[DATA TO EXAMINE]
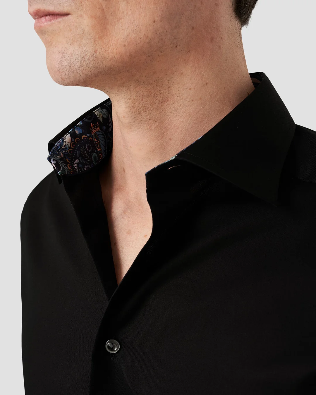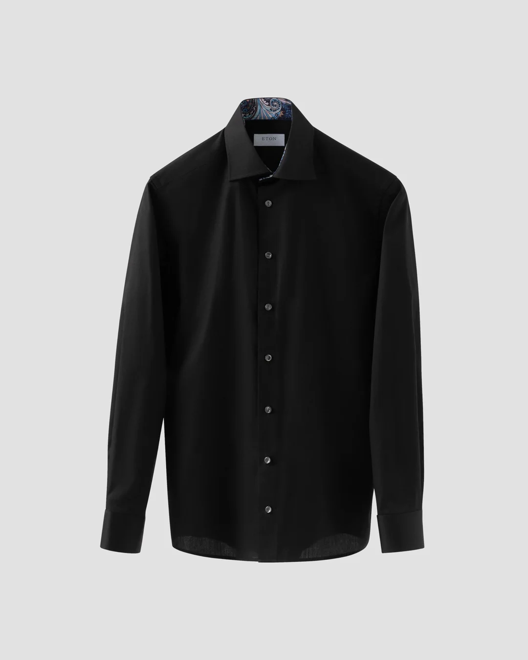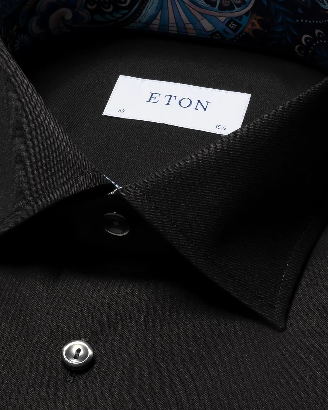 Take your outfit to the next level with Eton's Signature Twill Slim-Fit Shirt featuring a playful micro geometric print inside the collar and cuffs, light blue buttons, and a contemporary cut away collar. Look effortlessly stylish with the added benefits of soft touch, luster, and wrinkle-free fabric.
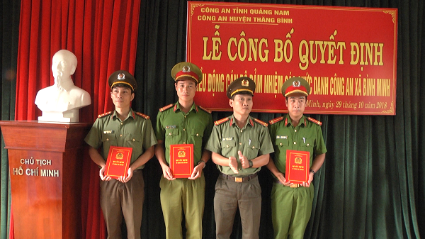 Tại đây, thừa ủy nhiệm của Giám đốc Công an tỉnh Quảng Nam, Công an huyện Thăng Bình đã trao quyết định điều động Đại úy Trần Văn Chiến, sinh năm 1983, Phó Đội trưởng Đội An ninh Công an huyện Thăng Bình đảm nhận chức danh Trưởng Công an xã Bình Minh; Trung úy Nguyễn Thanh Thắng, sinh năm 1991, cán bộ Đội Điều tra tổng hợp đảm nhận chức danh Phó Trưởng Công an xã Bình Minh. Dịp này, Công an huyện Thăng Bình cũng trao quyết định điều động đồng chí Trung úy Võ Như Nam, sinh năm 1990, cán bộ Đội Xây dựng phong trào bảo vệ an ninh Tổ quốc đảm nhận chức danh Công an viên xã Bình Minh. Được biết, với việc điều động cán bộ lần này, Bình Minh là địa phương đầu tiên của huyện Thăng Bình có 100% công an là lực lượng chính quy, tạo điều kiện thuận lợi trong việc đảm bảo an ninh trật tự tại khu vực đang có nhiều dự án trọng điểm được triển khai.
[/DATA TO EXAMINE]
[DATA TO EXAMINE]
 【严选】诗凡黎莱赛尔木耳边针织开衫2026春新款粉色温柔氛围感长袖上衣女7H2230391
[/DATA TO EXAMINE]
#### INSTRUCTIONS FOR THE TASK
No picture is to be printed. Output exactly the lines above from the line containing "Take your outfit" through the line containing "Tại đây, thừa".

#### ANSWER TO THIS PROBLEM
 Take your outfit to the next level with Eton's Signature Twill Slim-Fit Shirt featuring a playful micro geometric print inside the collar and cuffs, light blue buttons, and a contemporary cut away collar. Look effortlessly stylish with the added benefits of soft touch, luster, and wrinkle-free fabric.
 Tại đây, thừa ủy nhiệm của Giám đốc Công an tỉnh Quảng Nam, Công an huyện Thăng Bình đã trao quyết định điều động Đại úy Trần Văn Chiến, sinh năm 1983, Phó Đội trưởng Đội An ninh Công an huyện Thăng Bình đảm nhận chức danh Trưởng Công an xã Bình Minh; Trung úy Nguyễn Thanh Thắng, sinh năm 1991, cán bộ Đội Điều tra tổng hợp đảm nhận chức danh Phó Trưởng Công an xã Bình Minh. Dịp này, Công an huyện Thăng Bình cũng trao quyết định điều động đồng chí Trung úy Võ Như Nam, sinh năm 1990, cán bộ Đội Xây dựng phong trào bảo vệ an ninh Tổ quốc đảm nhận chức danh Công an viên xã Bình Minh. Được biết, với việc điều động cán bộ lần này, Bình Minh là địa phương đầu tiên của huyện Thăng Bình có 100% công an là lực lượng chính quy, tạo điều kiện thuận lợi trong việc đảm bảo an ninh trật tự tại khu vực đang có nhiều dự án trọng điểm được triển khai.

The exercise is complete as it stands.